- _Instructions to follow_: Please copy all of the data that follows exactly, leaving any pictures out.

- _Given data_:

☆ ☆ ☆ ☆ ☆

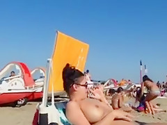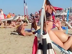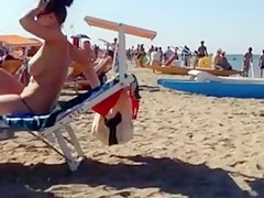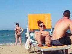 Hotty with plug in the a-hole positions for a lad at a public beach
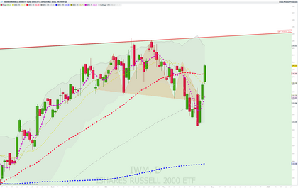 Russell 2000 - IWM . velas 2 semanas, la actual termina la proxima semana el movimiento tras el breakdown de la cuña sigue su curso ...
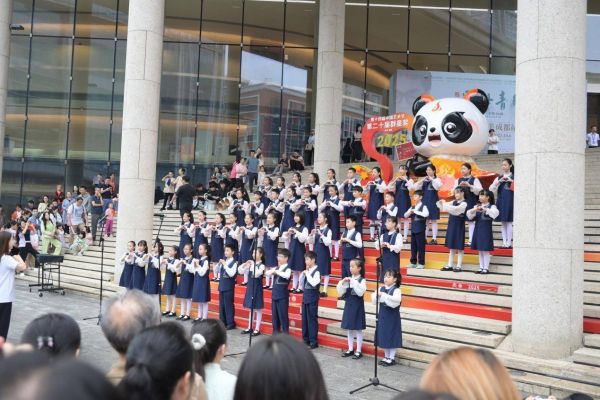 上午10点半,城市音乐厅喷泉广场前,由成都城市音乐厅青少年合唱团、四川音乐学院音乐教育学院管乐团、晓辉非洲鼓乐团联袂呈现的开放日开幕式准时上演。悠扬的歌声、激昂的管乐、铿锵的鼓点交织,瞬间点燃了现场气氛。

☆ ☆ ☆ ☆ ☆

- _Written response_:
 Hotty with plug in the a-hole positions for a lad at a public beach
 Russell 2000 - IWM . velas 2 semanas, la actual termina la proxima semana el movimiento tras el breakdown de la cuña sigue su curso ...
 上午10点半,城市音乐厅喷泉广场前,由成都城市音乐厅青少年合唱团、四川音乐学院音乐教育学院管乐团、晓辉非洲鼓乐团联袂呈现的开放日开幕式准时上演。悠扬的歌声、激昂的管乐、铿锵的鼓点交织,瞬间点燃了现场气氛。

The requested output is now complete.